Den zweiten Teil des Panels „Moral und Revolution“ widmete David Schick (München) dem Thema „Moralische Revolution oder revolutionäre Moral? Jüdische Sozialisten in Wilna und ihr Verhältnis zur Religion“. Darin zeigte er das Beispiel einer jüdischen Arbeiterbewegung im Spannungsfeld von Religion, Moral und Sozialismus auf. Unter moralischer Revolution verstand er die radikale Abwendung von einer alten Lebenswelt. Er stellte fest, dass die jüdische Binnenloyalität weiterhin wichtig war, es innerhalb des Judentums jedoch ebenfalls zu einer Zweiklassengesellschaft kam. Dabei war es für die Mobilisierung der jüdischen Arbeiter unabdingbar, sich sowohl auf sozialistische als auch auf jüdische Narrative zu berufen. Tobias Grill (München) sah in seinem Kommentar den Grund dafür, dass jüngere Juden in der Arbeiterbewegung engagiert waren, darin, dass ein religiös-moralisches Wertekonzept im Revolutionären immer noch eine wichtige Rolle spielte. Oder mit anderen Worten: Man betrachtete den Sozialismus als eine säkularisierte Form des Judentums.

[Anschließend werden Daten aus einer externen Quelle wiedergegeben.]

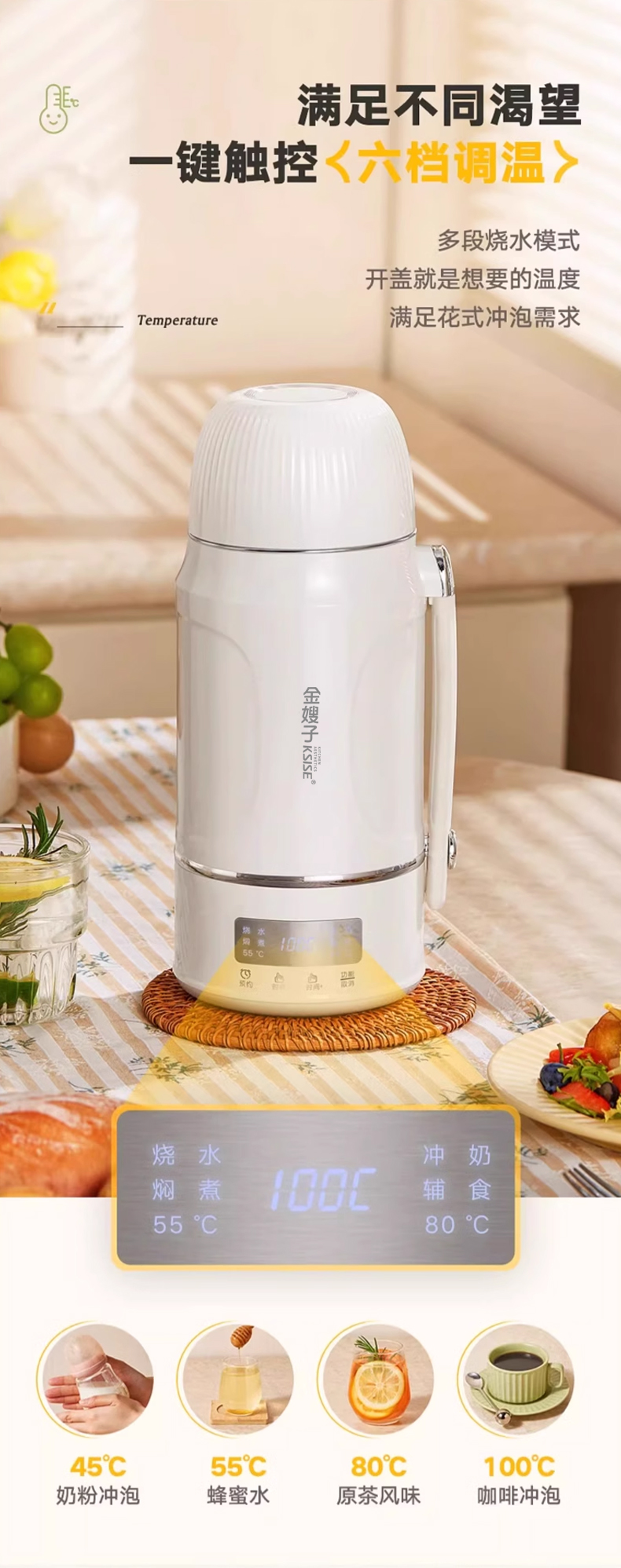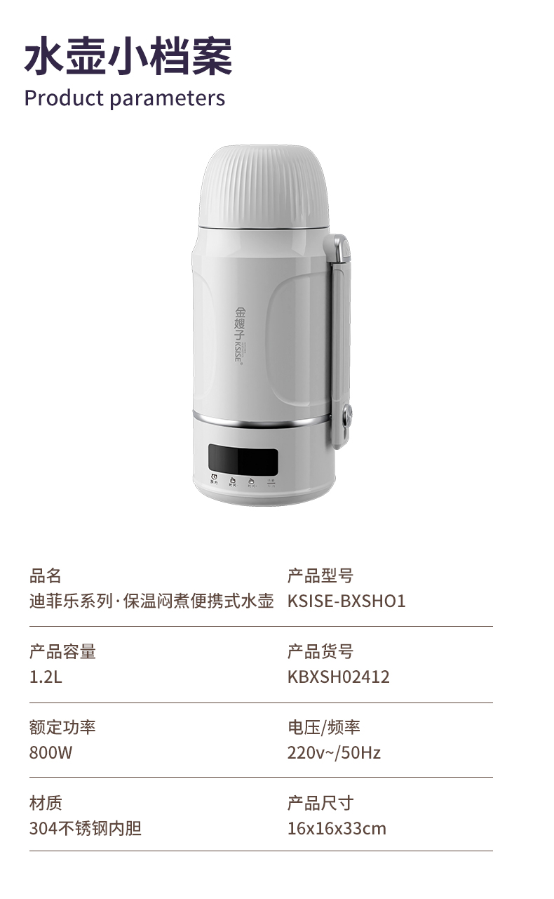 商品名称:KSISE/金嫂子迪菲乐系列1.2升保温闷煮便携式水壶KSISE-BXSH01

Einen provokativ zum Nachdenken anregenden Abschluss der Tagung bot der von Katharina Ebner (München) moderierte Vortrag von Dan Diner (Jerusalem/Leipzig) zum Thema „Wiederkünfte - über politische Topographien des Religiösen“. Der geschichtstheoretische Vortrag beschäftigte sich mit dem Element der „Langzeitigkeit“. Als Gemeinsamkeit von Geographie und Religion macht Diner die lange Dauer aus. Seiner Ansicht nach ist der Krieg in Syrien kein Bürgerkrieg für oder gegen jenes Regime, sondern ein zeitlich weit zurückreichender religiöser Konflikt zwischen heterodoxen ländlichen Minderheiten und orthodoxer wohlhabender Stadtbevölkerung. Als weiteres Beispiel führte er die Wiederkehr Russlands an, die alten Linien russischer Expansion folge. So sei der Krimkrieg von 1853 bis 1856 durch die Frage nach dem Zugang zur Jerusalemer Grabeskirche religiös geprägt gewesen. Im Hinblick auf die heutige muslimische Einwanderung sieht Diner eine Herausforderung des europäischen Wertekanons. Denn letztlich basiere auch die Säkularisierung auf einer christlichen Grundlage. Als konkrete Beispiele verknüpfte Diner die Problematik mit der jüdischen Geschichte: So lehnten die Juden in Algerien während der französischen Kolonisation die französische Staatsbürgerschaft ab, da der Code civil auf christlichen Grundlagen basierte. In der Folge wurde Algerien zum Ort des französischen Antisemitismus. Ein anderes Beispiel ist Polen, wo es im 19. Jahrhundert nicht gelang, eine gesellschaftliche Einigung über Sabbatruhe und christlichem Sonntag herzustellen.

Insgesamt ist es an der Konferenz auch dank der familiären Atmosphäre in der Bechervilla gelungen, die spezifische Thematik „Religion und Moral“ mit einem würdigen Abschluss für die zweite Kohorte Promovierender des Graduiertenkollegs zu verbinden. Und auch die Kollegiatinnen und Kollegiaten der dritten Kohorte konnten aus den Diskussionen zahlreiche Impulse für ihre eigenen Forschungsarbeiten mitnehmen.